Beş yıldan bu yana uyguladığımız dış politikanın batağa saplandığı gün gibi ortada.
Suriye politikasıyla çektiğimiz sıkıntı yetmiyormuş gibi, geçtiğimiz gün Rusya’da Merkez Camiini birlikte açtığımız Putin’nin savaş uçakları, güneyde hava sahamızı ihlal etmeye bile başladı.
Suriye’nin arkasında hangi devletler vardı?
Rusya, Çin, İran.
Rusya’nın savaş uçakları Suriye’de hedefleri bombalamaya başladılar.
Çin, savaş gemilerini yola çıkardığını açıkladı.

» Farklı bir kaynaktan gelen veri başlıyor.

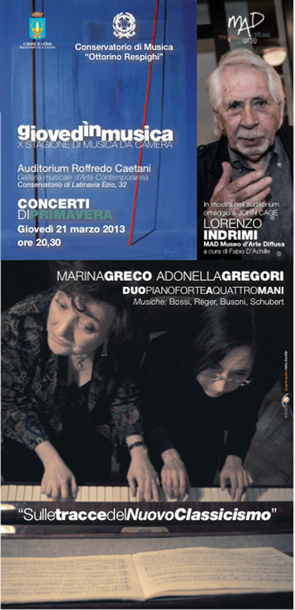 Giovedì 21 marzo alle 20,30 nell’Auditorium Roffredo Caetani del Conservatorio O. Respighi di Latina la Galleria musicale d’arte contemporanea propone l’ultimo appuntamento della prima mostra della rassegna Giovedì in musica, curata da Fabio D’Achille per MAD Museo d’Arte Diffusa, che ha avuto come protagoniste alcune tra le opere più significative del maestro romano Lorenzo Indrimi, ultimo esponente della Scuola Romana.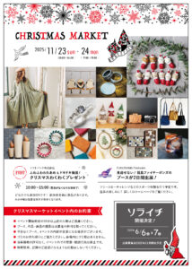 主催はソライチ実行委員会。本格的なクリスマスマーケットとして福島空港公園緑のスポーツエリアを会場に、洋服や革細工、アクセサリー、バッグ、小物などのハンドメイドクラフトのお店100店超が登場。11月23、24の両日開かれ、当法人は初日の23日に出店します。

Ardından onların da savaş uçakları bombalamaya başlayacak.
İran, alesta bekliyor.
Ortadoğu kazanı fokur fokur kaynıyor.
Mustafa Kemal, “bağımsızlık benim karakterimdir” dedikten 25 – 30 yıl sonra iktidara gelen Demokrat Parti döneminden bu yana biz batı bağımlısı bir ülke olduk.
Ve dünya lideri olmayı vehmetsek de hala batı bağımlısıyız.
Her ne kadar, “biz, Büyük Ortadoğu Projesinin eş başkanlarından birisiyiz” diye kasım kasım kasılsak da gerçekten büyük bir yıkım projesinin göbeğinde olduğumuzun bir türlü farkına varamadık.
Büyük Ortadoğu Projesi kapsamında bulunan Irak’ın, Libya’nın, Cezair’in, Mısır’ın, Afganistan’ın ve Suriye’nin durumu ortada.
950 kilometre sınırımız olan güney komşumuz Suriye’de yaşananlara gelince; Rusya vuruyor, Çin yolda, İran beklemede.
Suriye’de vurulan El Nusra, IŞİD gibi terör örgütlerinin kaçan militanları, yarın kaçıp ülkemize gelirlerse diye düşünmek bile istemiyorum.
Aslında projenin istenen biçimi de galiba bu olsa gerek.
Türkiye’yi karıştırmak…
Kışa giriyoruz, doğalgazı nereden alıyoruz?
Rusya’dan ve İran’dan.
Savaşa ne gerek var.
Yarın doğalgaz vanalarını kapattıklarını düşünün.
Aklımızı başımıza toplamanın zamanı geldi de geçiyor bile.
Sonuç olarak Ortadoğu’da dengeler değişiyor.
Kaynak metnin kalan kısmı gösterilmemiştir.